If you want to create an industrial database on top of Marble, you will probably also want to add:

  • logging and a write cache for accumulating updates that occasionally get flushed to Marble via write_batch. Remember, each call to write_batch creates at least one new file and fsyncs multiple times, so you should batch calls appropriately. Once the log or write cache has reached an appropriate size, you can have a background thread write a corresponding batch of objects to its storage, and once write_batch returns, the corresponding log segments and write cache can be deleted, as the objects will be available via Marble::read.
  • an appropriate read cache. Marble::read always reads directly from disk.
  • for maximum SSD friendliness, your own log should be configurable to be written to a separate storage device, to avoid comingling writes that have vastly different expected death times.
  • dictionary-based compression for efficiently compressing objects that may be smaller than 64k.

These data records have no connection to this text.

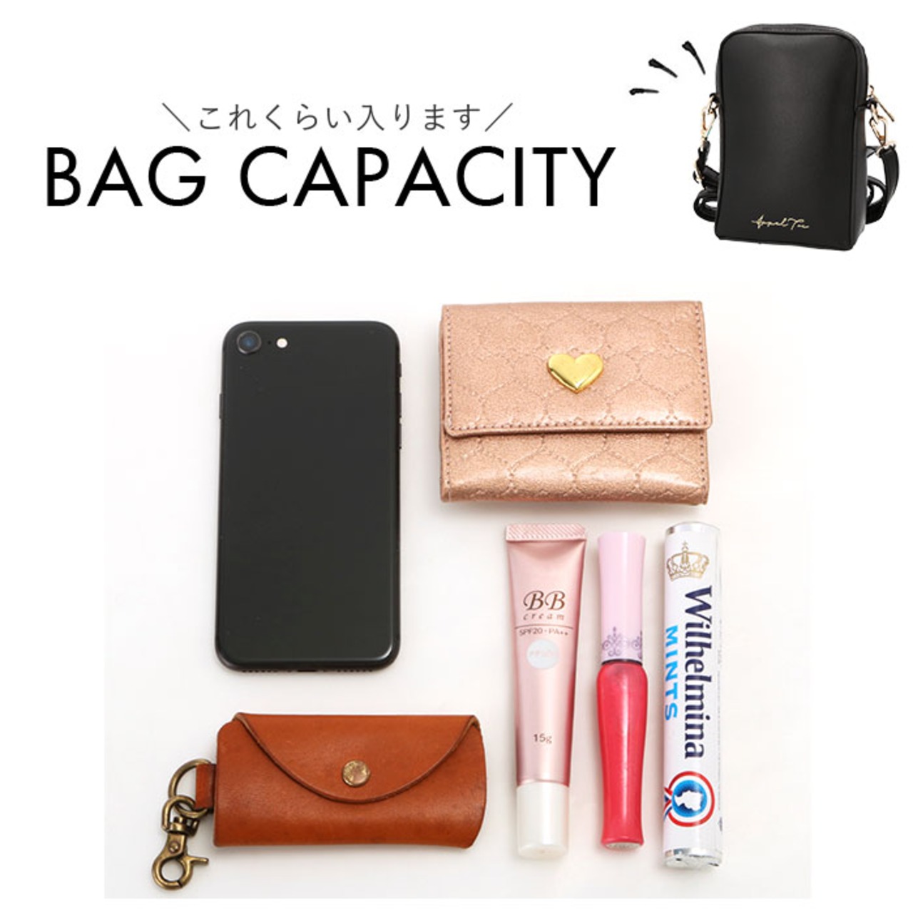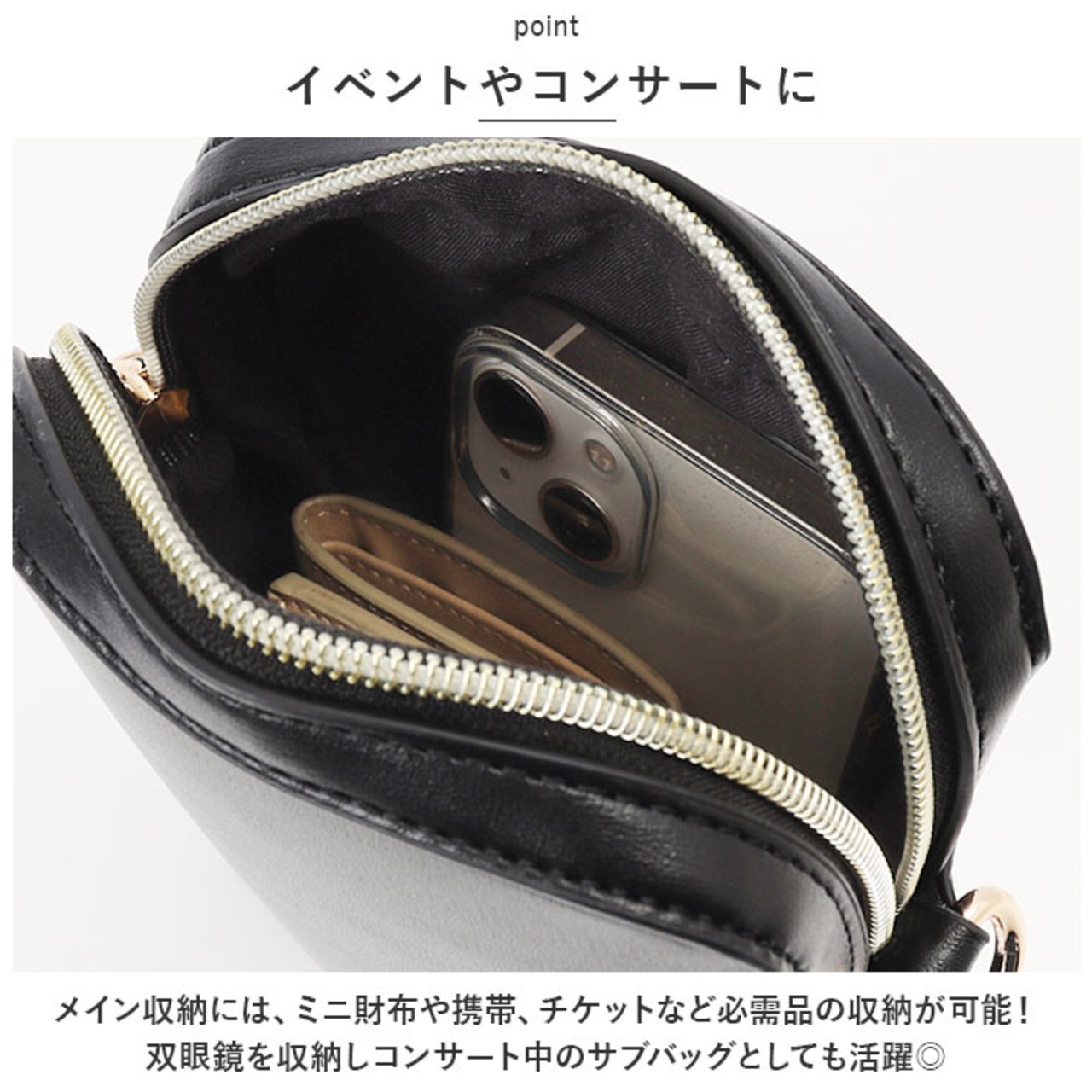 ・メイン収納には、ミニ財布や携帯、チケットなど必需品の収納が可能!双眼鏡を収納しコンサート中のサブバッグとしても活躍◎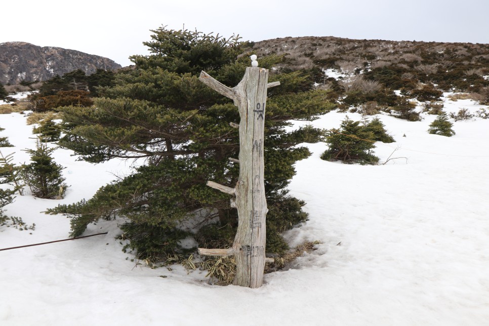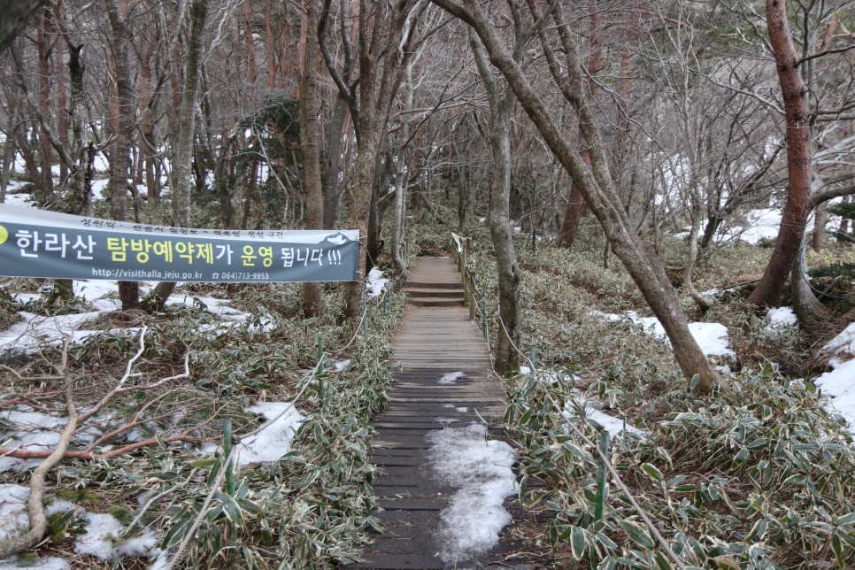 영실기암에 쌓인 설경을 기대하면서 올라왔으나 아쉽게도 눈이 많이 녹은 상태였다. 참고로 한라산에 오르기로 한 날에 폭설이 내리면 베스트인데, 눈이 내린 지 일주일 뒤는 보통 거의 녹는다고 봐도 무방하다.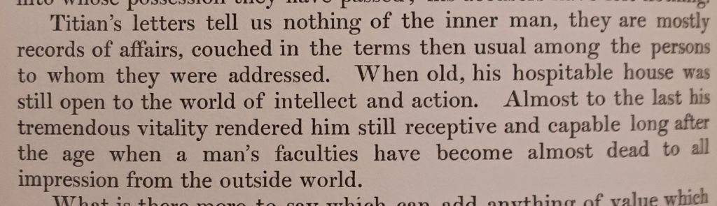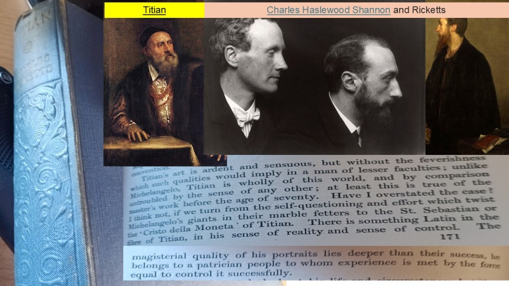 As I flashed about for subjects for my blogs, I turned today to a book I have been meaning to turn to when I acquired it, thus motivated by seeing an exhibition of the work of Charles Ricketts and his lover, Charles Shannon (who lived together with him in London) at the Tulley Museum in Carlisle. The work of this queer artist, and his ‘husband’ sorely needs looking at seriously again I think, but meanwhile I glanced over his book (and its 181 monochrome plates), concentrating on his summary of the great Titian’s achievement in Chapter XXIX (‘Conclusion’).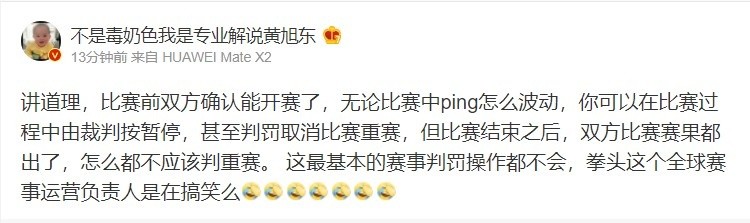 此外KenZhu也提出了疑问:如果比赛第一天发现延迟不一而导致重赛可以接受,但是打了三天才发现问题并要求重赛是否有点太说不过去了。
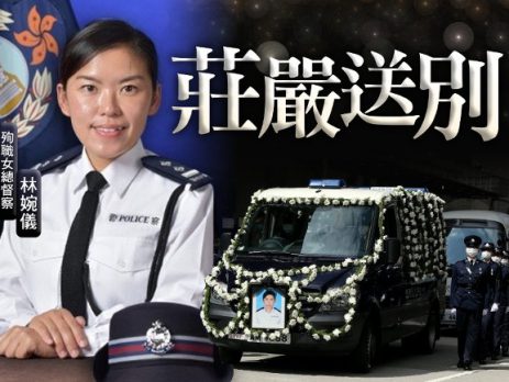 获封「走私克星」的水警总区女总督察林婉仪,9月25日在沙洲对开执勤期间不幸殉职,警队今日(2日)在红磡世界殡仪馆举行最高荣誉丧礼仪式。 丧礼于今晨9时半开始,首先在地下灵堂举行传统悼念仪式,供亲友、政府官员参加。早上9时许,海关关长何珮珊、惩教署署长胡英明、政制及内地事务局局长曾国卫、公务员事务局局长聂德权等官员及警务处处长萧泽颐陆续抵达殡仪馆。官方仪式随后于10时半举行,灵堂内及殡仪馆外将会举行警队丧礼。 早上11时,众人列队在殡仪馆外向林作最后致敬。丧礼完毕后,送殡行列会前往昂船洲政府船坞水警小艇分区总部进行路祭,再到和合石浩园举行安葬仪式。安葬仪式约于中午12时40分在浩园举行,现场气氛庄严,数十名亲友及同袍作最后送别,林从此长埋黄土。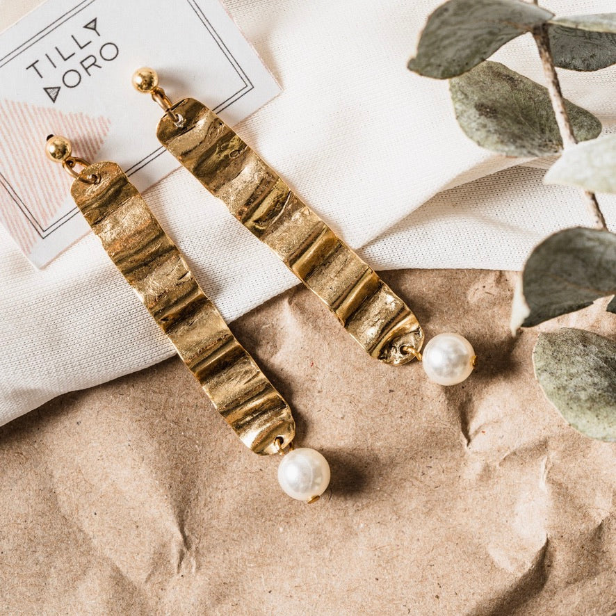 A best- seller, the Wave and Pearl earrings feature a delicate faux pearl hanging on the tip of a wavy gold bar.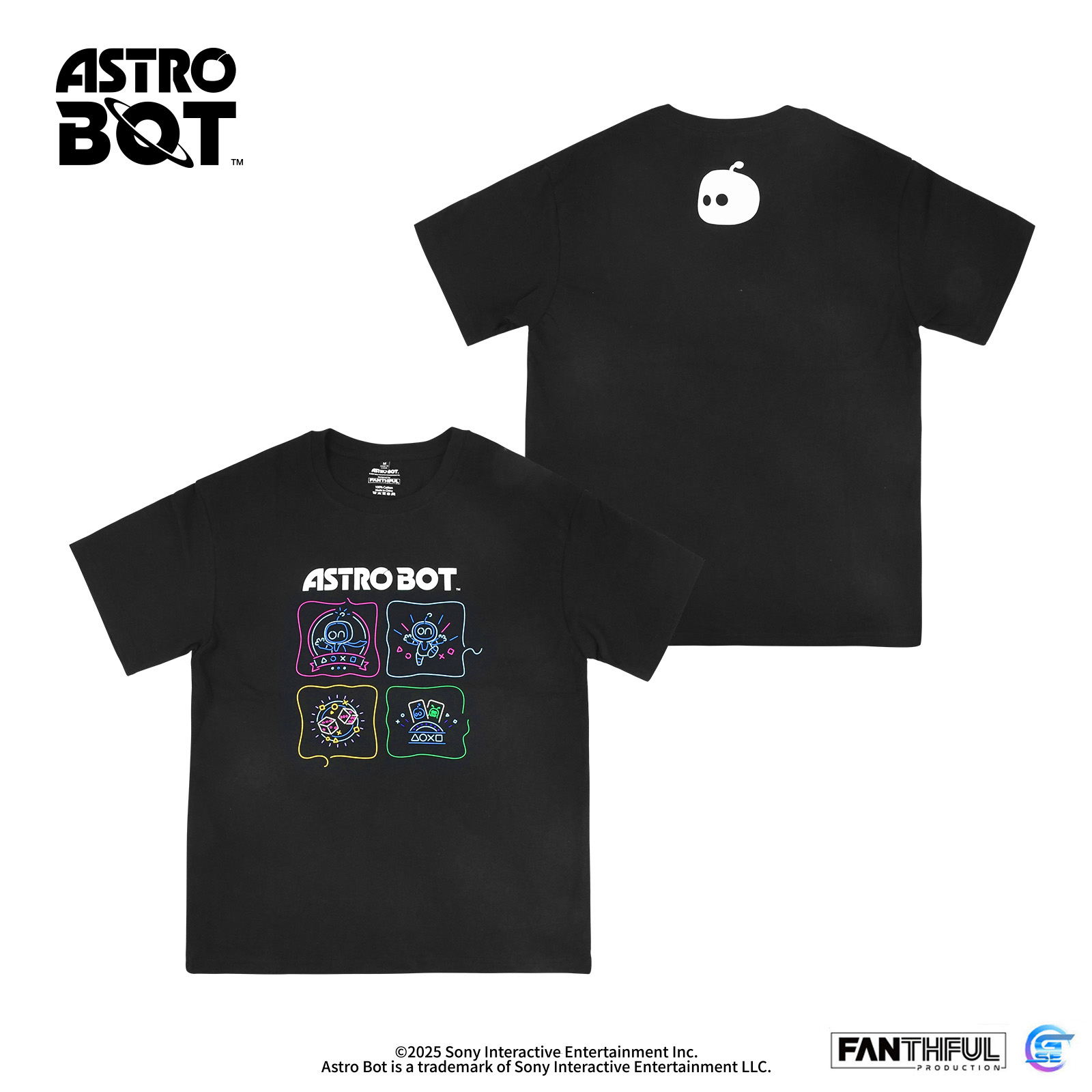 也有主題 T 恤 4 個霓虹燈管風格的 ASTRO BOT 圖案呈現在黑色T恤之上,彷彿置身於夜晚之中,華燈初上。背面則是遊戲中的機器人 loading 圖標,如同被正面霓虹燈映照出的剪影一般,趣味性十足。最後還有 6 枚方形徽章,選取了玩家們熟悉的小機器人經典場面作為素材,組合出了這樣一套風格獨特的徽章套組。收集的欣喜,如打開金色寶箱和獲得獎盃;戰鬥的動感,如旋轉攻擊痛擊隊友和普通連續拳;當然情懷滿滿的 PlayStation 初代主機也囊括其中。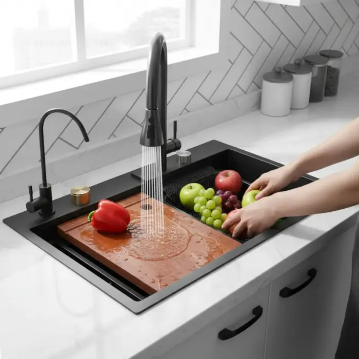 Bacha inteligenteAccesorios y conexión completaMedidas: 75 x 45 cmMaterial: Acero inoxidableColor nano black.
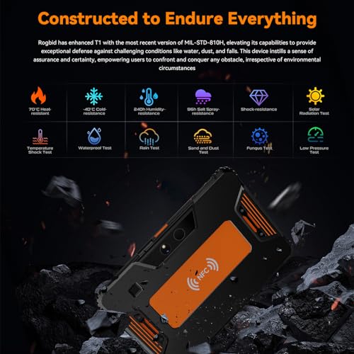 Tableta Robusta de 10.3», IP68 IP69K Triple Defensa, Pantalla 2K HD, 8+256GB, 16+48MP, 5G Dual SIM, GPS WiFi NFC OTG Bluetooth Desbloqueo Facial con Huella Dactilar, PD60W, para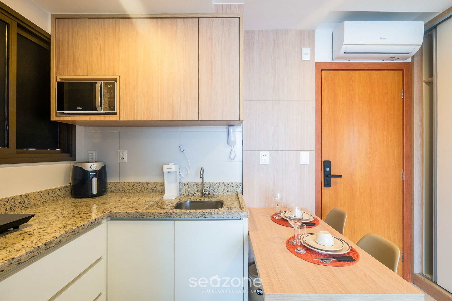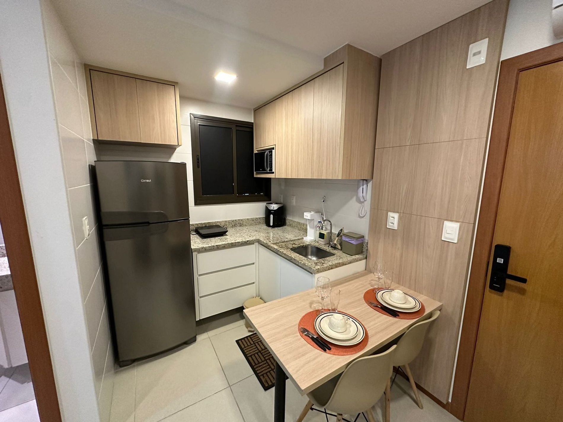 - Cozinha completa com geladeira, fogão cooktop de indução, micro-ondas, airfryer, sanduicheira, kit café (suporte e garrafa térmica), chaleira elétrica, liquidificador, taças de vinho, panelas, louças e utensílios;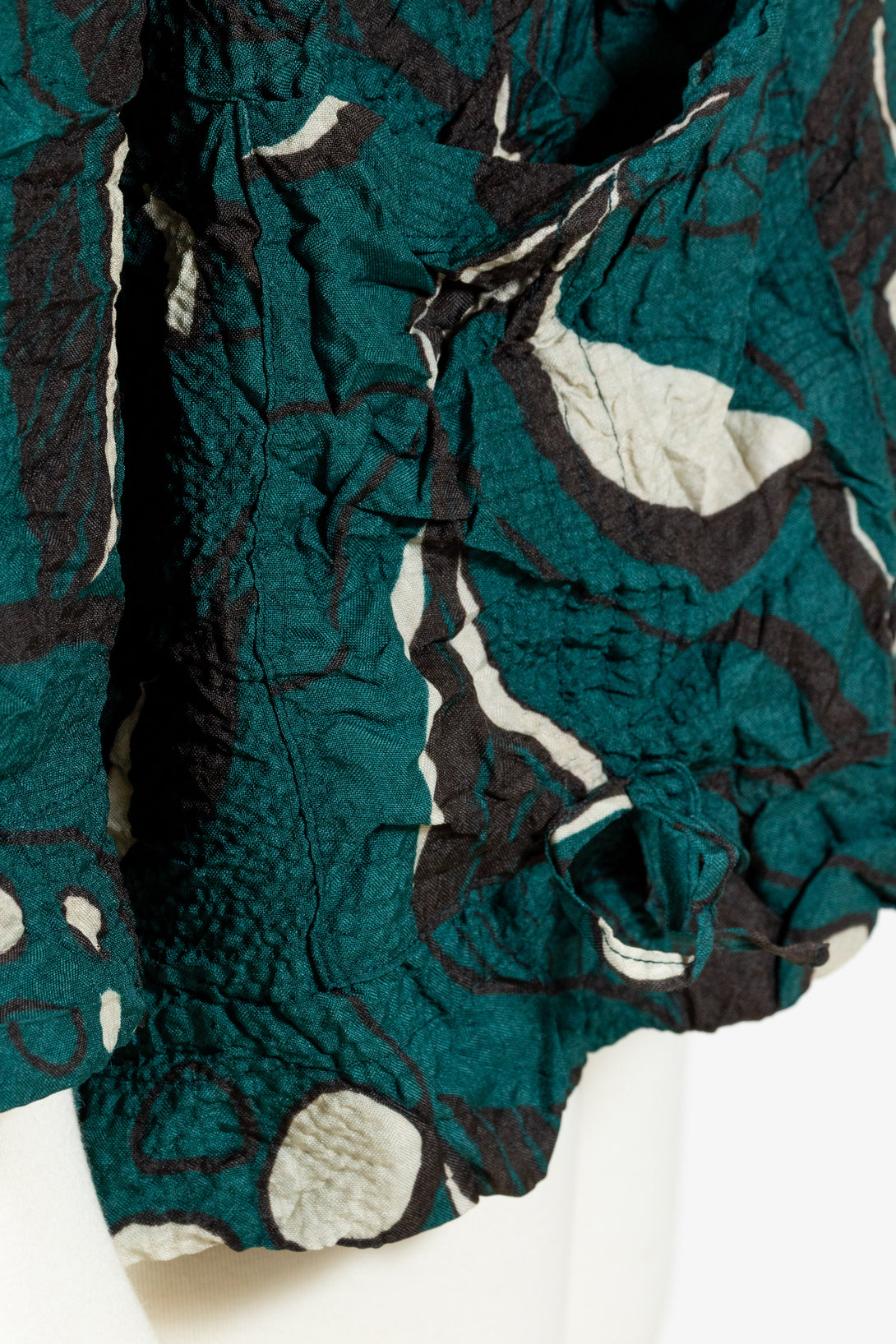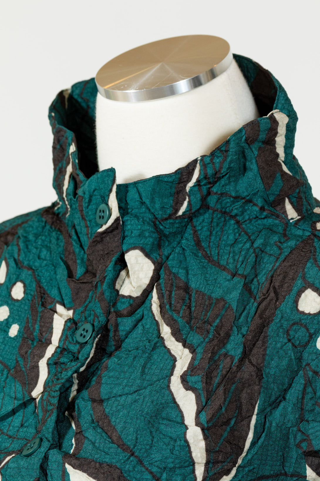 The Cinched Pocket Top by Olivia by Habitat, part of the Crepe de Chine collection, is crafted from a travel-friendly crushed fabric with dimensional texture and depth. Designed with a high neckline that folds over for a collared look, three-quarter length sleeves, and a button-front closure, it features a right-front pocket with a drawstring detail for a stylish cinched effect. The rich deep green background, accented by abstract black and cream brushstroke leaves, adds an artistic touch to this versatile, packable piece.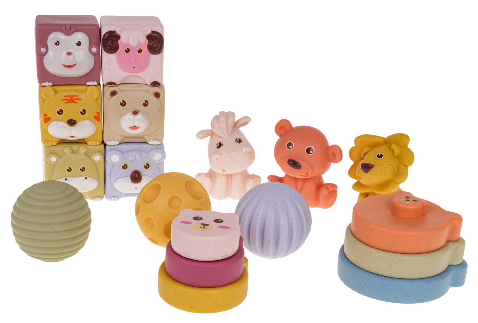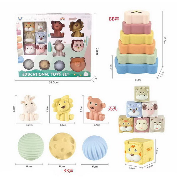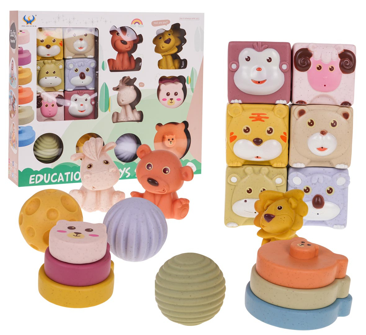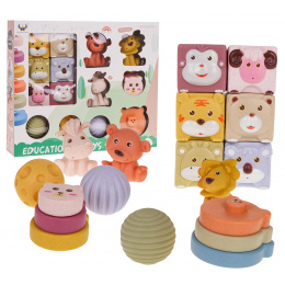 Hračky v sadě byly pečlivě navrženy tak, aby podporovaly senzorický a motorický vývoj malých dětí. Celkem šest měkkých kostek s obrázky zvířat pomáhá dětem naučit se je rozpoznávat a pojmenovávat, zatímco tři míčky s různými texturami poskytují hmatovou stimulaci.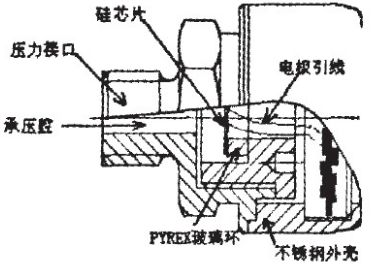 如圖3的敏感芯體封接在金屬螺紋底座上形成進(jìn)壓的腔道后成為一個(gè)可安裝的壓力測(cè)量前端,見(jiàn)圖4。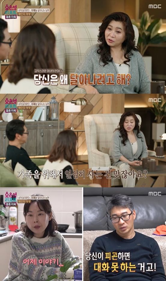 24일 방송된 MBC '오은영 리포트=결혼지옥'(이하 '결혼지옥')에서는 아내의 말이면 모든 게 귀찮은 남편과 그런 남편에게 사랑받고 싶은 아내, '체인지 부부'가 등장했다.
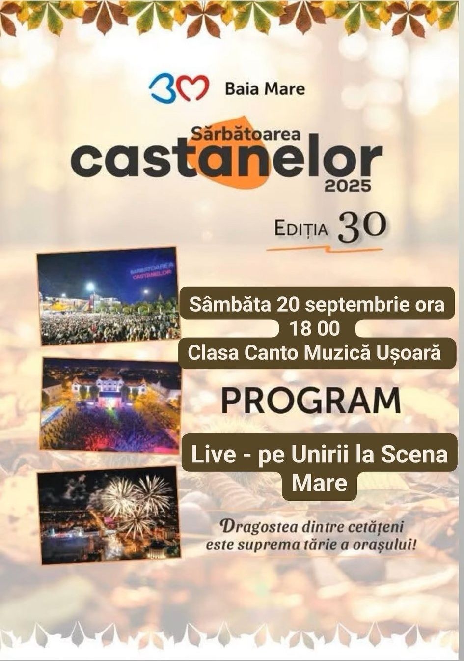 Sâmbătă, 20 septembrie, de la ora 18.00, cursanții Clasei Canto Muzică Ușoară din cadrul Școlii Populare de Artă – pregătiți de prof. Codruța Lupșe – vor evolua pe scena mare (de pe bd. Unirii) din cadrul Sărbătorii Castanelor.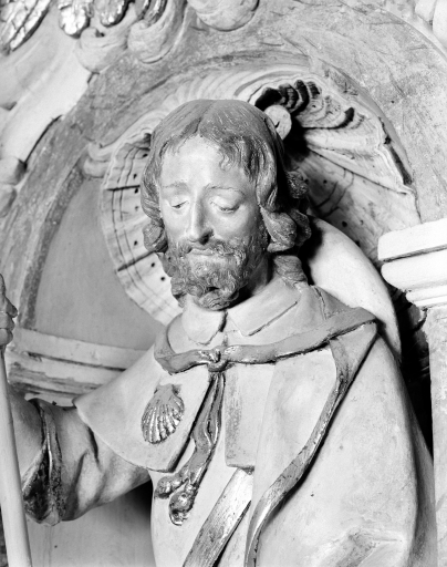 Vue générale de la statue de Saint-Roch, détail de la tête.Immatriculation

Ideas for getting great garbage collection performance:

  • give certain kinds of objects a certain ObjectId range. for example, tree index nodes can be above 1<<63, and tree leaf nodes can be below that point. The Config.partition_function can return the shard 0 for leaf nodes, and 1 for index nodes, and they will always be written to separate files.
  • WiscKey-style sharding of large items from other items, based on the size of the object. Assign a shard ID based on which power of 2 the object size is.
  • Basically any sharding strategy that tends to group items together that exhibit some amount of locality in terms of expected mutations or overall lifespan.

In short, you get to focus on a bunch of the fun parts of building your own database, without so much effort spent on boring file garbage collection.